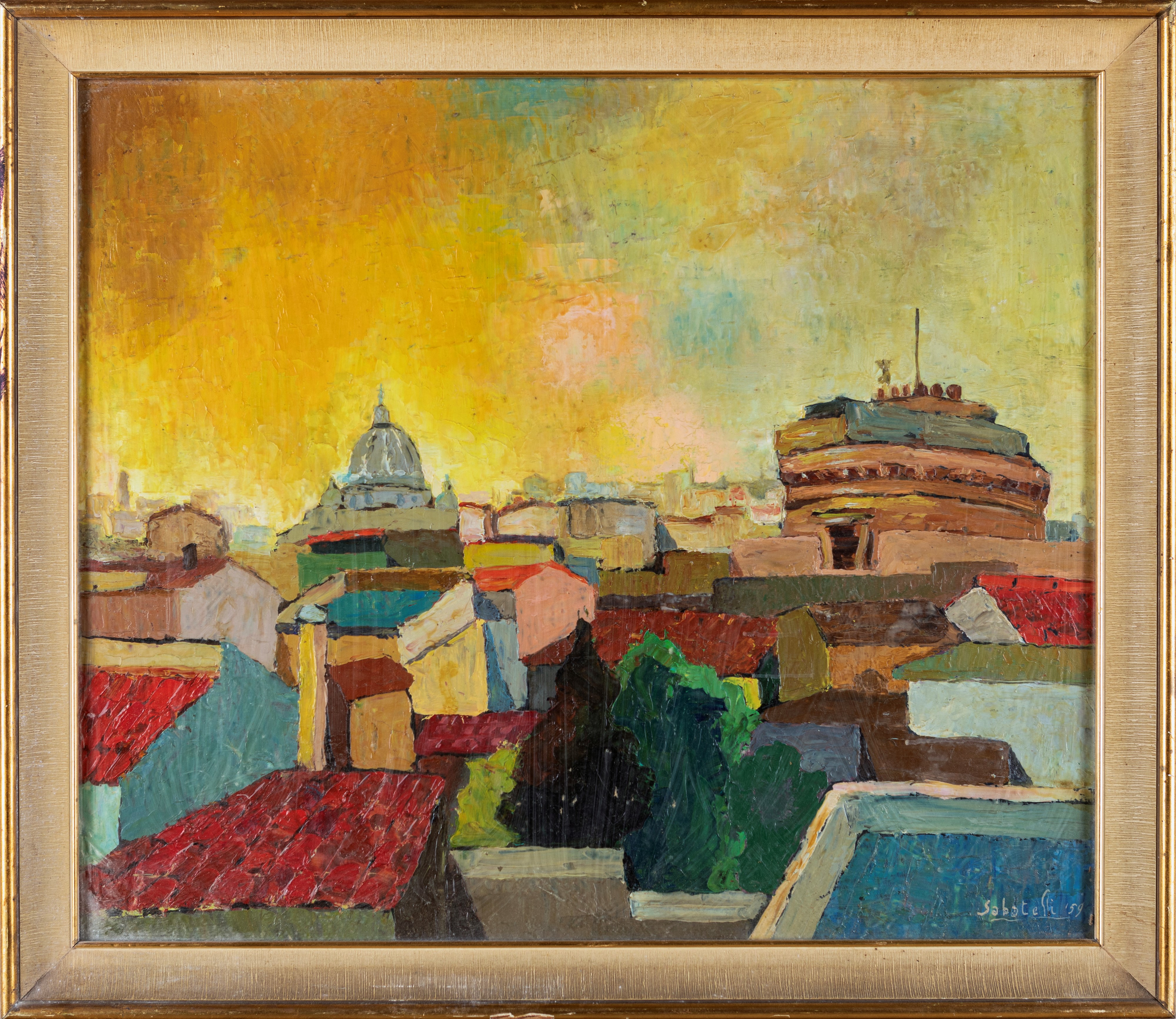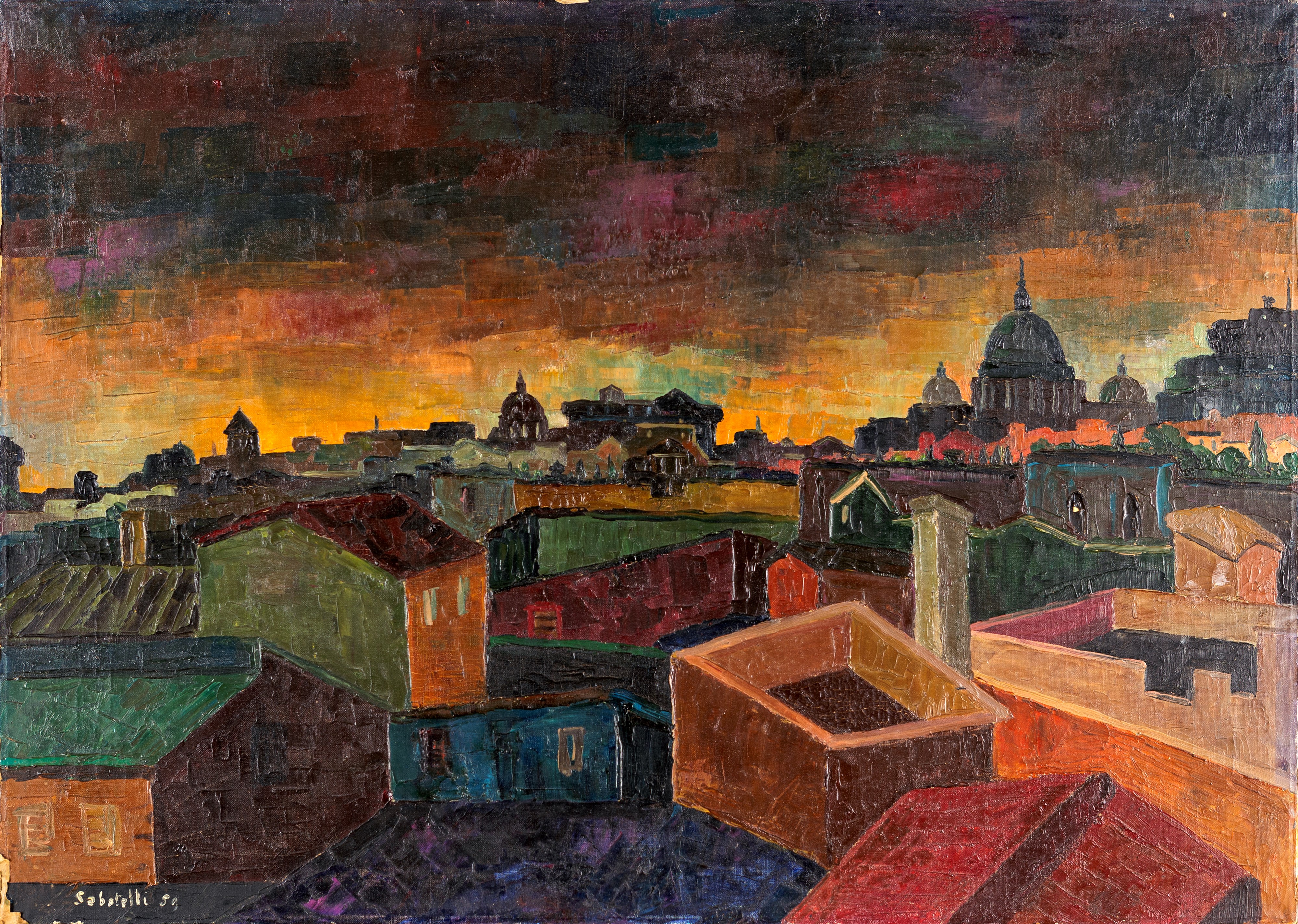 Coppia di dipinti - Tetti di Roma con San Pietro e Castel Sant'Angelo, 1959
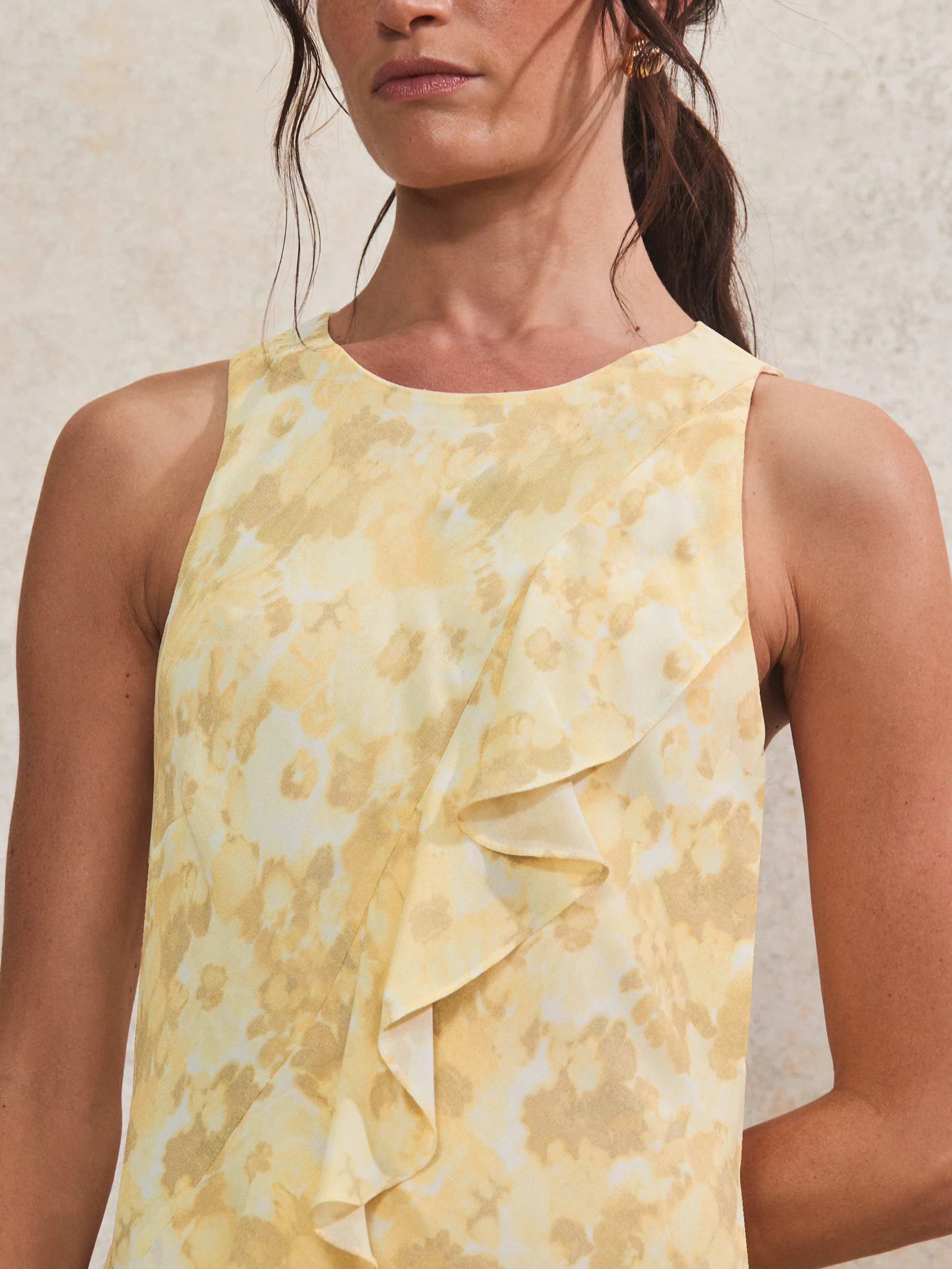 Petite Aurora Yellow Floral Scarf Detail Bandeau Dress
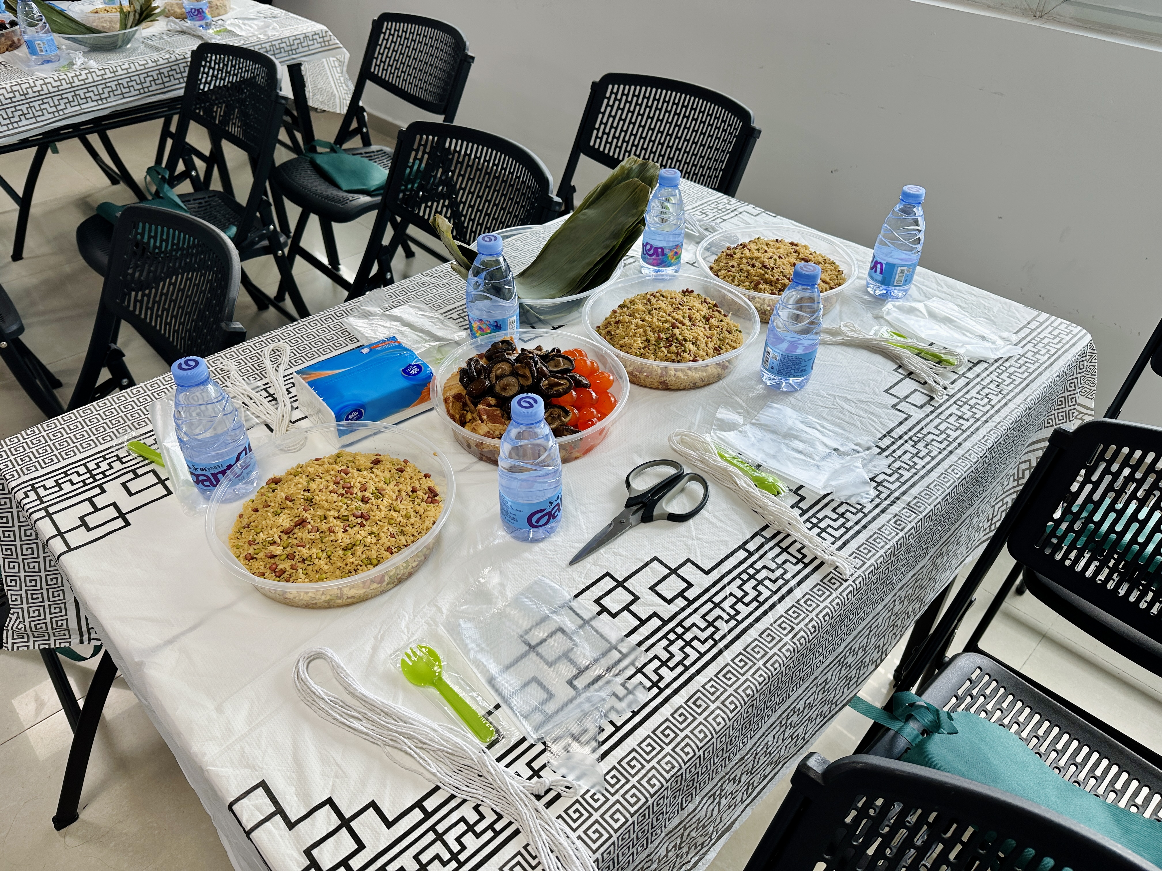 清晨阳光明媚,今天的天气格外地晴朗,一大早工作人员精心准备了所有活动需要的材料,在桌上整齐地摆放着粽叶、糯米、猪肉等,以及布置了彩旗气球,充满着节日的氛围,等候的居民的到来。
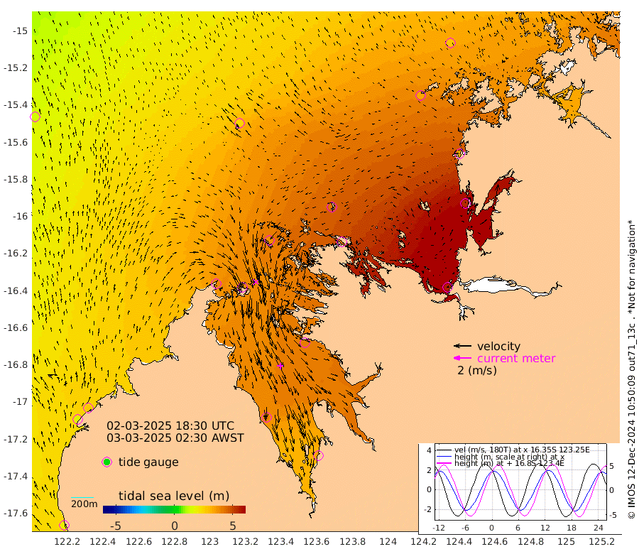 160cm Cape Baskerville 267cm Red Bluff 170cm Cape Boileau 387cm Karrakatta Bay 379cm Sunday Island 407cm Valentine Island 355cm Derby 406cm Port Usborne 370cm Bedford Islands 426cm Yampi Sound (Koolan Island) 422cm Macleay Island 243cm Adele Island 561cm Shale Island 540cm Lizard Island 304cm Hall Point 325cm Degerando Island 268cm White Island 139cm Lynher Bank
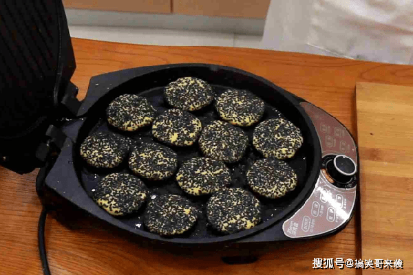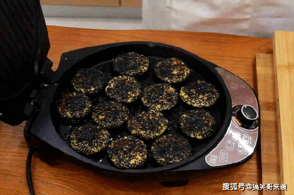 5.全部做好以后开始烙制,电饼铛预热3分钟,均匀刷上植物油,把做好的生坯放入锅中,盖上锅盖烙2分钟。
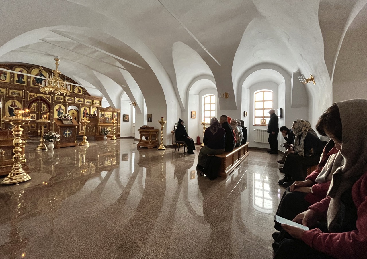 Практическая часть визита включала в себя подробную экскурсию по обители. Гости посетили оба придела монастырского храма – Сретенский и Георгиевский, помолились у святых образов, ознакомились с ассортиментом иконной лавки и экспозицией музея «Святые правители Руси». Завершился визит самым трогательным образом – совместным участием в ежедневном крестном ходе вокруг обители, который объединил сестер и гостей в общей молитве.
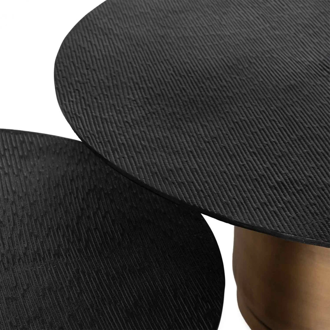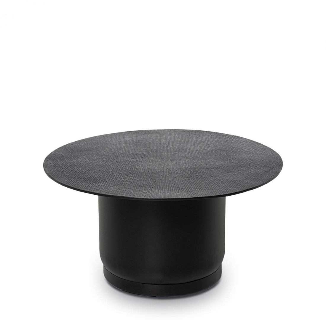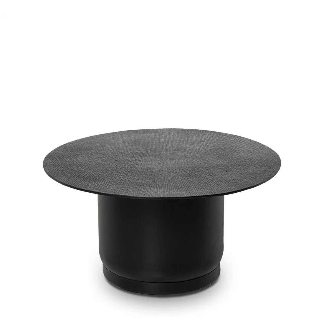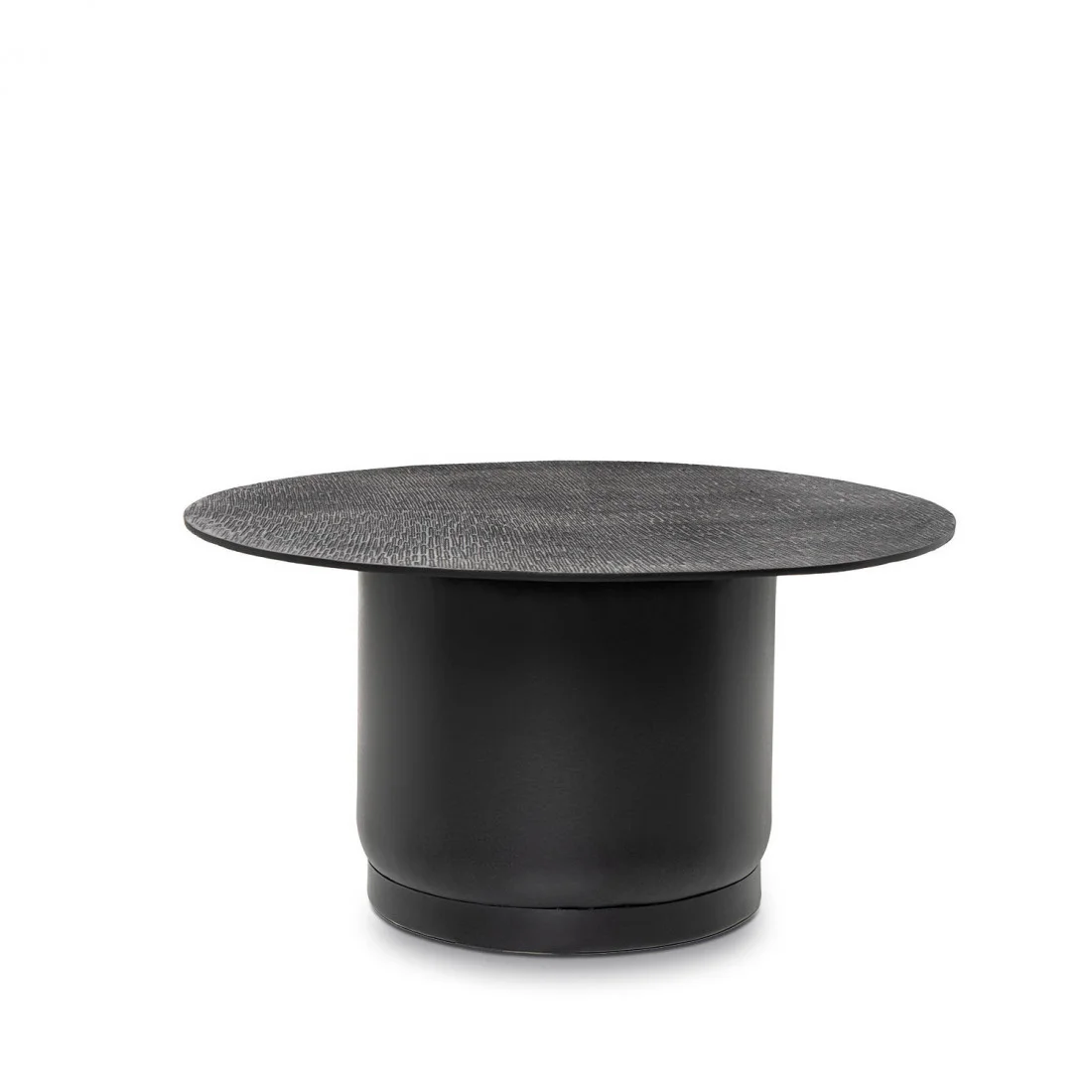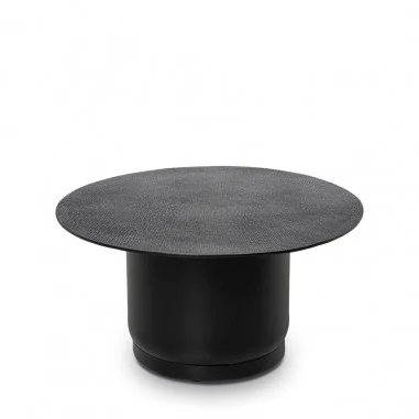La mesa de centro DURAI es una oda al diseño audaz y contemporáneo. Su tapa redonda de aluminio, con un acabado cepillado que aporta textura y sofisticación, refleja la luz de manera sutil, generando un juego visual elegante y moderno.

※ ※ ※

In the data above, find the line containing "5.全部做好以后开始烙制,电"; from there, please write out each line through the end, exactly, with the pictures omitted.

 5.全部做好以后开始烙制,电饼铛预热3分钟,均匀刷上植物油,把做好的生坯放入锅中,盖上锅盖烙2分钟。
 Практическая часть визита включала в себя подробную экскурсию по обители. Гости посетили оба придела монастырского храма – Сретенский и Георгиевский, помолились у святых образов, ознакомились с ассортиментом иконной лавки и экспозицией музея «Святые правители Руси». Завершился визит самым трогательным образом – совместным участием в ежедневном крестном ходе вокруг обители, который объединил сестер и гостей в общей молитве.
La mesa de centro DURAI es una oda al diseño audaz y contemporáneo. Su tapa redonda de aluminio, con un acabado cepillado que aporta textura y sofisticación, refleja la luz de manera sutil, generando un juego visual elegante y moderno.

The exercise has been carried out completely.